:: What you are asked to do ::
Output the entries exactly. Start at the first line, finish with the line containing "Christophe Dugarry, Youri", and omit the pictures.

:: Exercise input ::
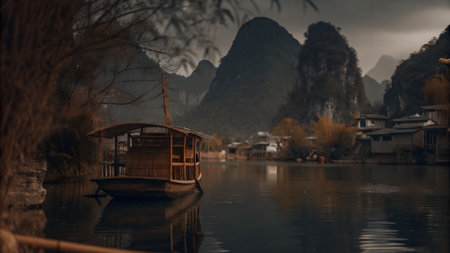 A tranquil river flows through a stunning landscape of misty mountains. A solitary boat drifts peacefully, surrounded by lush greenery and scenic beauty.
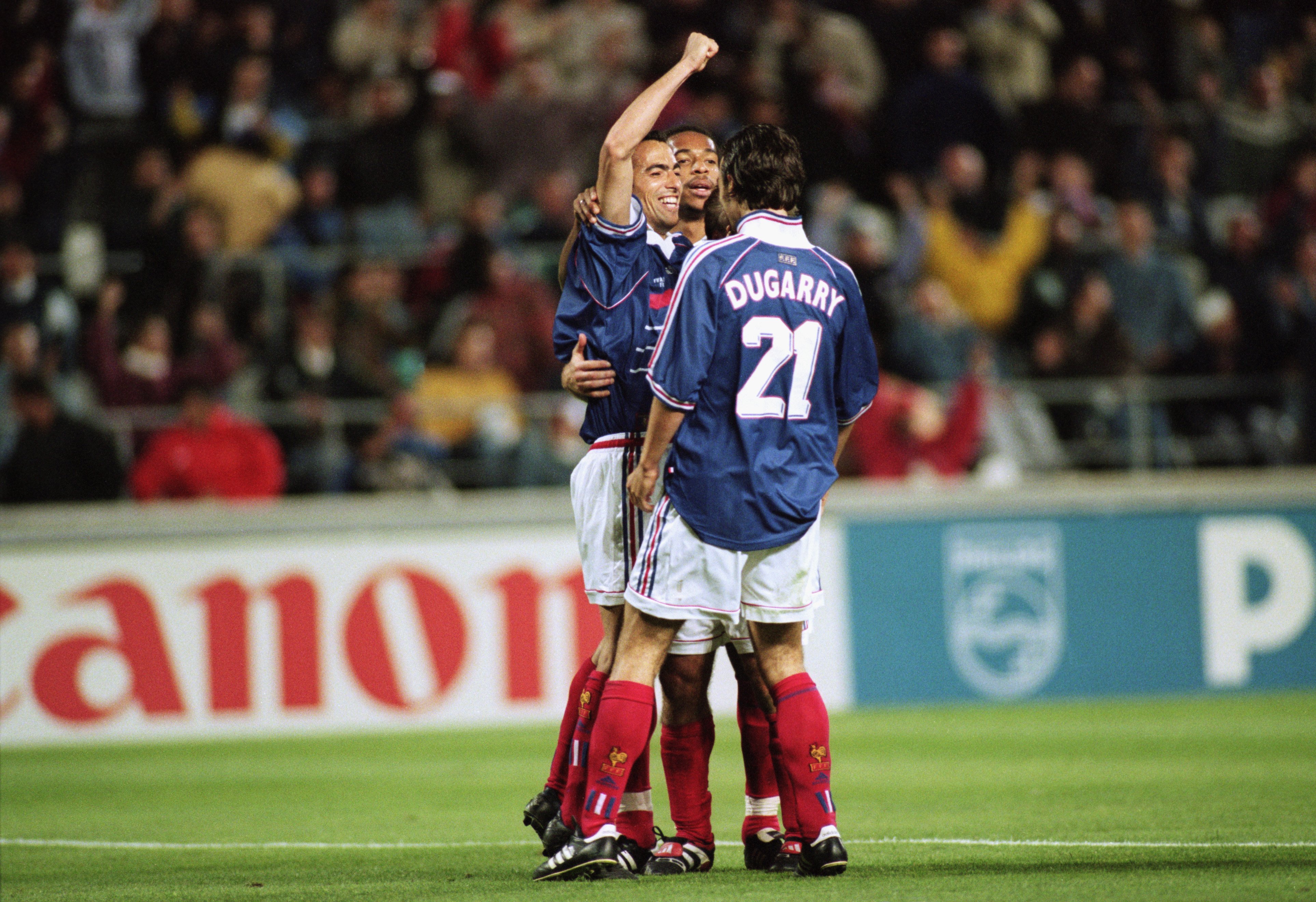 Christophe Dugarry, Youri Djorkaeff dhe Thierry Henry duke festuar një nga golat e Francës (Foto: Getty Images)
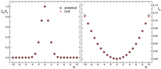 The canonical partition sums (lhs) and the corresponding free energy densities (rhs) as a function of the net fermion number N. The parameters are with , and we compare the results from the CanDoS determination (red dots) to the analytic results obtained with Fourier transformation (black diamonds).
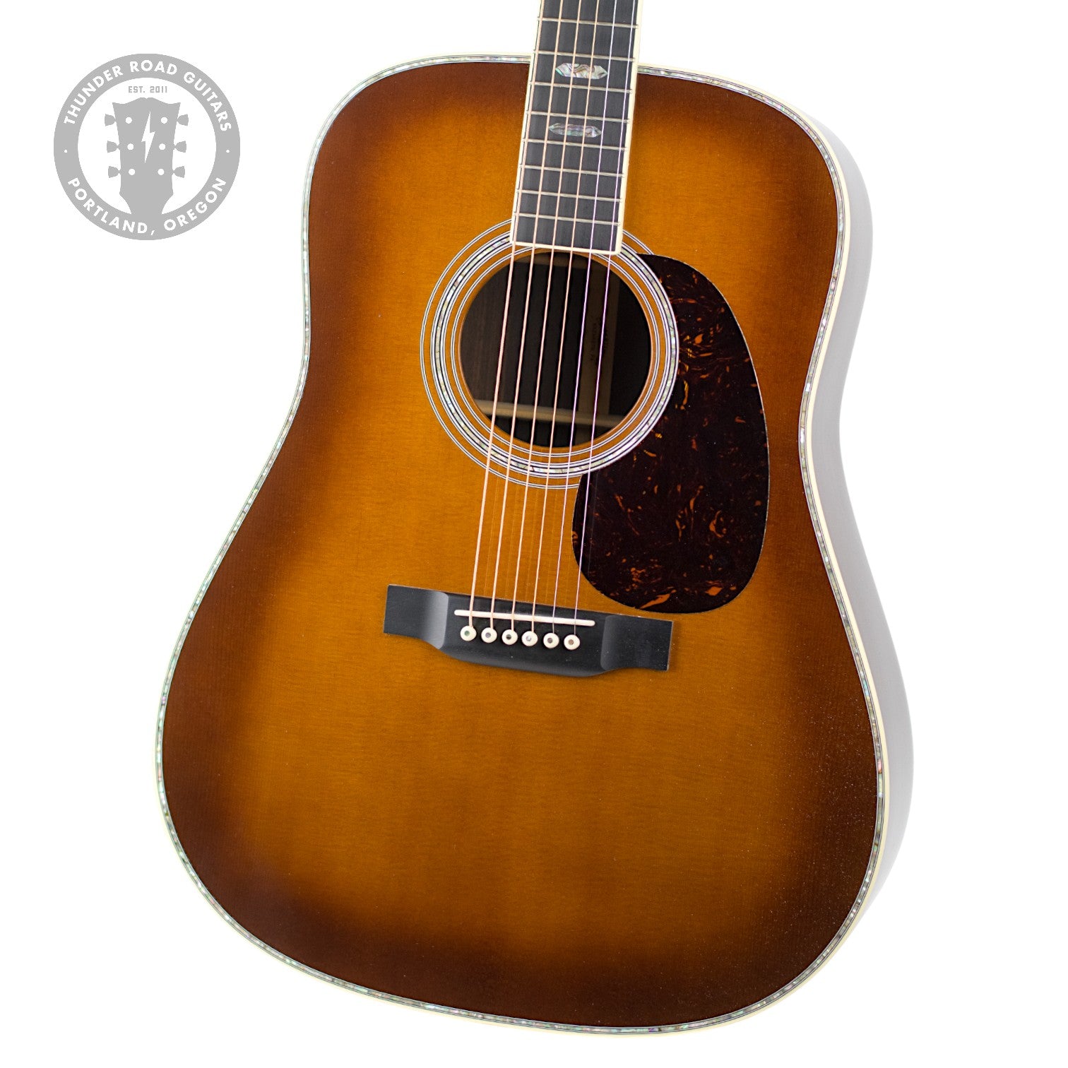 Freshly inspected and set up in-house by our esteemed Guitar Tech. In Excellent condition with modest wear, including faint scratches, a light spot of wear in the middle of the back, and other signs of normal handling and use. Powerful sounding Martin Dreadnaught with 1933 Ambertone Abalone appointments. See below for more details and specifications.
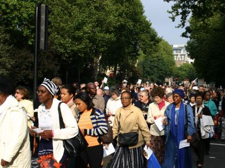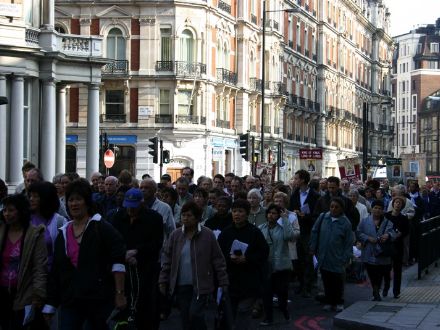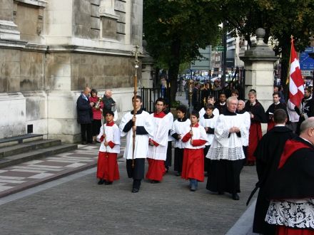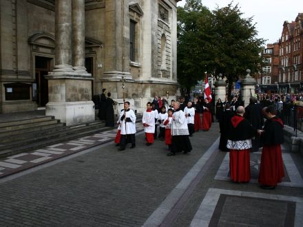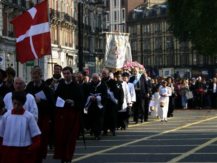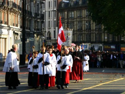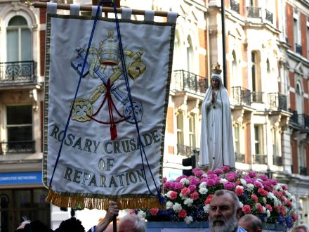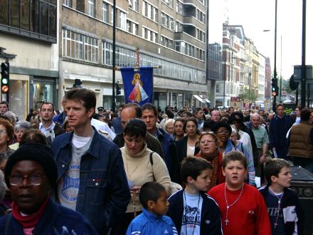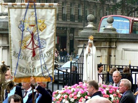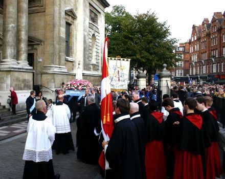 THE BLESSED VIRGIN HAS quite the legion of followers at her beck and call, and a good many battalions (perhaps even a regiment?) turned up on October 14 for the annual Rosary Crusade for the reparation of sins. The event began with a procession from Westminster Cathedral near Victoria Station, through the streets of London, to Brompton Oratory in Kensington. A statue of Our Lady was borne aloft by members of the Catholic Police Guild the whole way to the Oratory, where Benediction was held. We bring you these photos, taken by, amongst others, Matt Doyle, and Ken Simpson, all of which we found via ‘Joee Blogs‘, a Catholic medical student in London.
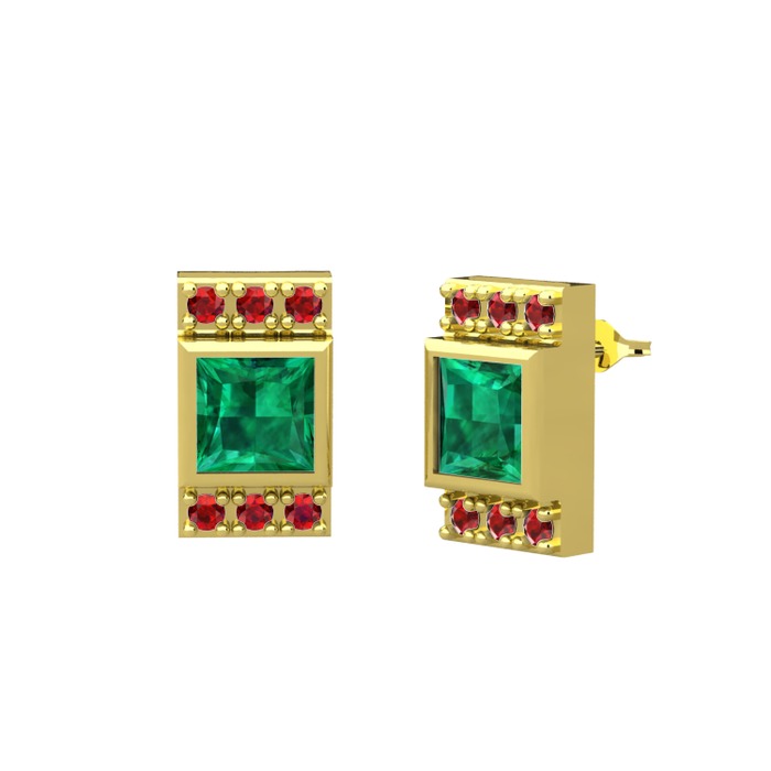 Yeşil kuvars ve garnet 14 ayar altın küpe
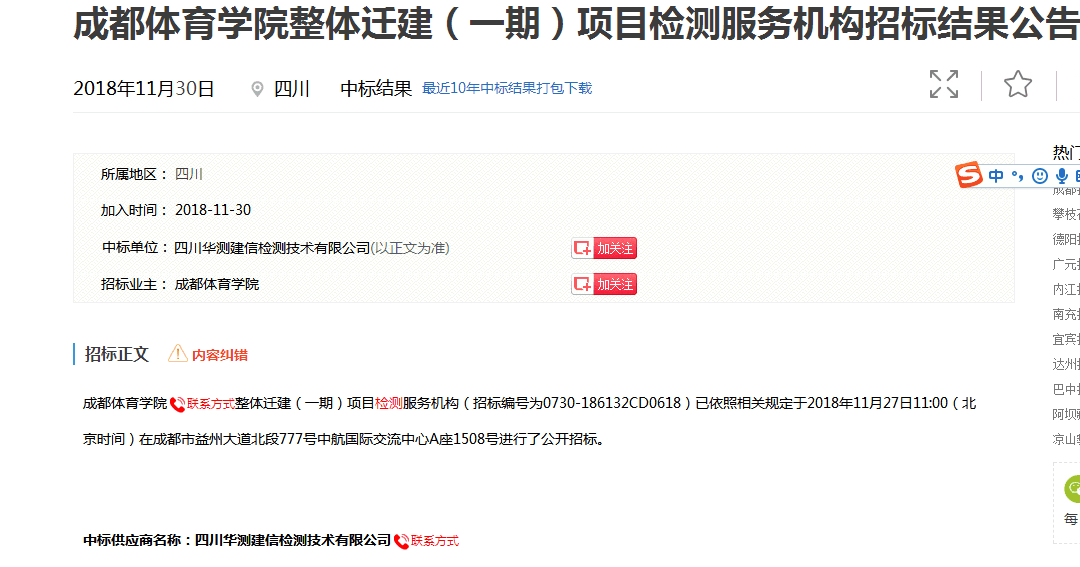 2018年11月30日,我公司憑借良好的信譽、行業(yè)經(jīng)驗、強大技術實力以及優(yōu)秀的團隊贏得了成都體育學院的一致肯定,成功中選成都體育學院整體遷建(一期)項目檢測服務。中選結果公示如下:
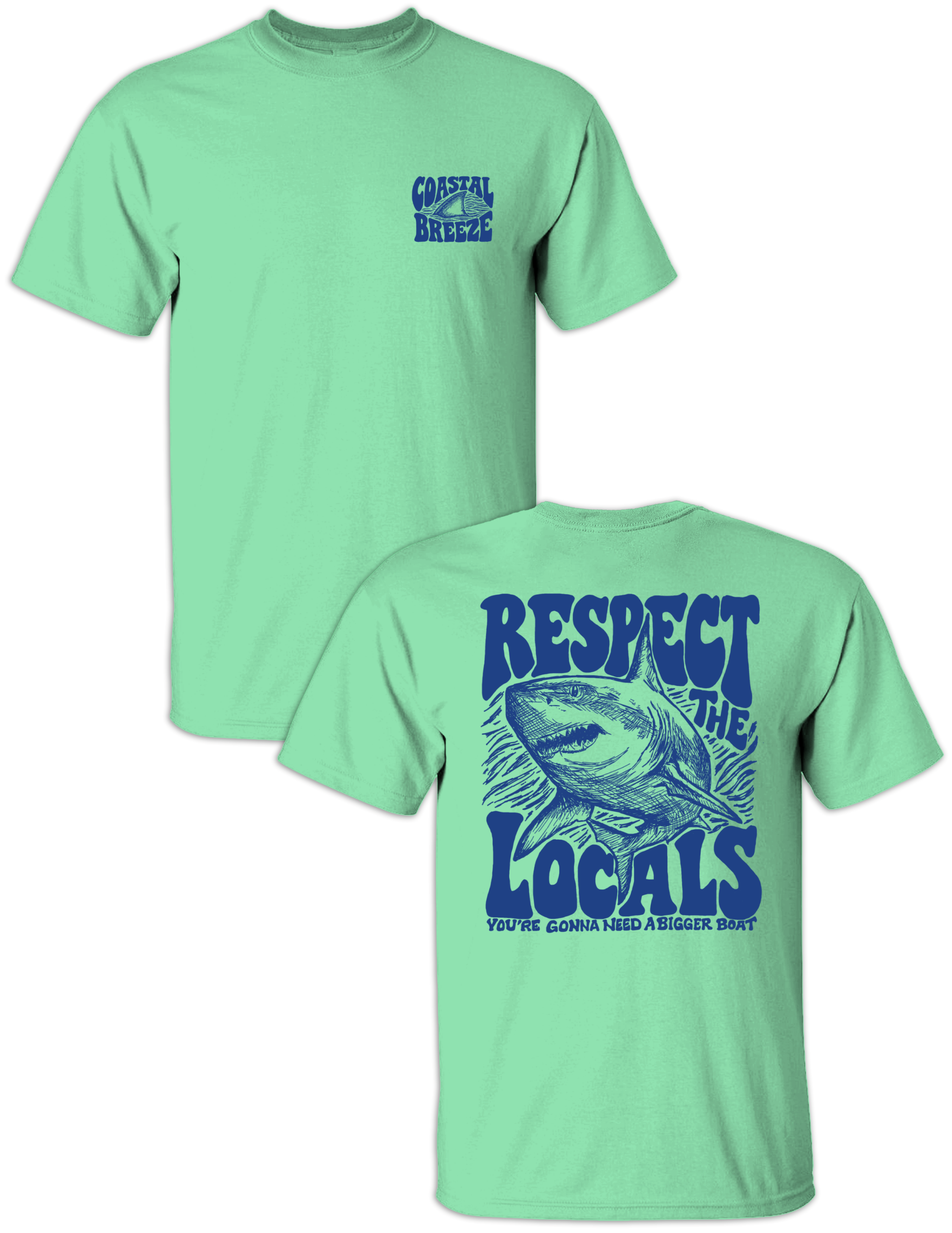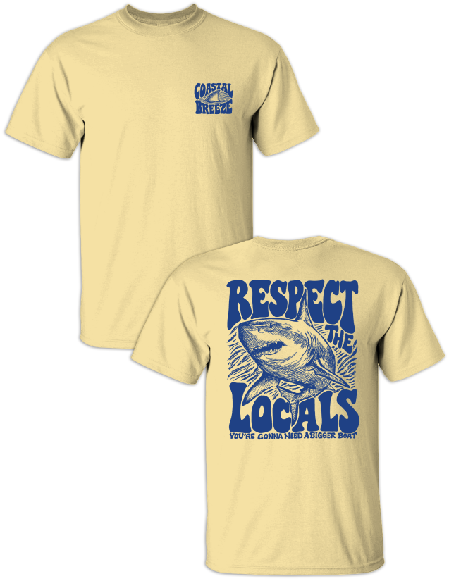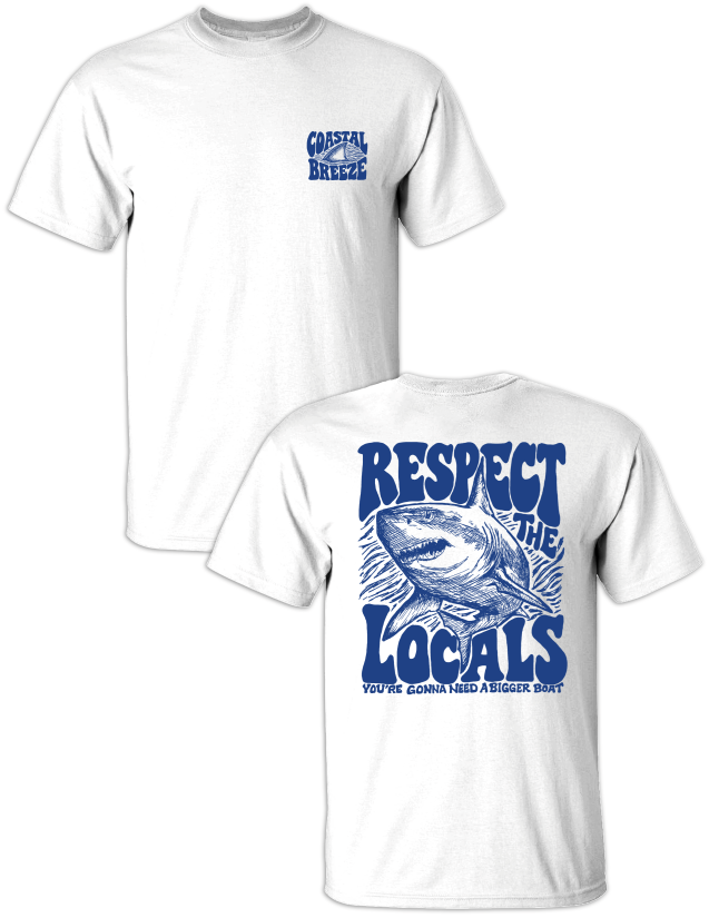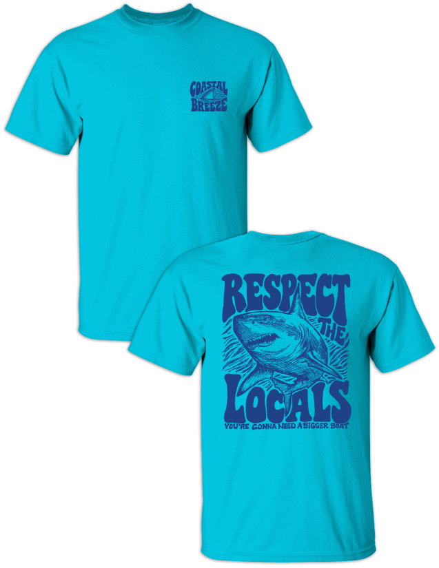 Make waves wherever you go. Our Respect the Locals tee delivers bold coastal attitude with a hand-drawn shark graphic and a classic ocean-inspired phrase. Printed on a soft, beach-ready shirt and finished with a subtle Coastal Breeze logo on the front, this tee is perfect for boat days, beach weekends, and anyone who knows who really rules the water. A laid-back coastal staple with just the right amount of bite.

:: Solution to this task ::
 A tranquil river flows through a stunning landscape of misty mountains. A solitary boat drifts peacefully, surrounded by lush greenery and scenic beauty.
 Christophe Dugarry, Youri Djorkaeff dhe Thierry Henry duke festuar një nga golat e Francës (Foto: Getty Images)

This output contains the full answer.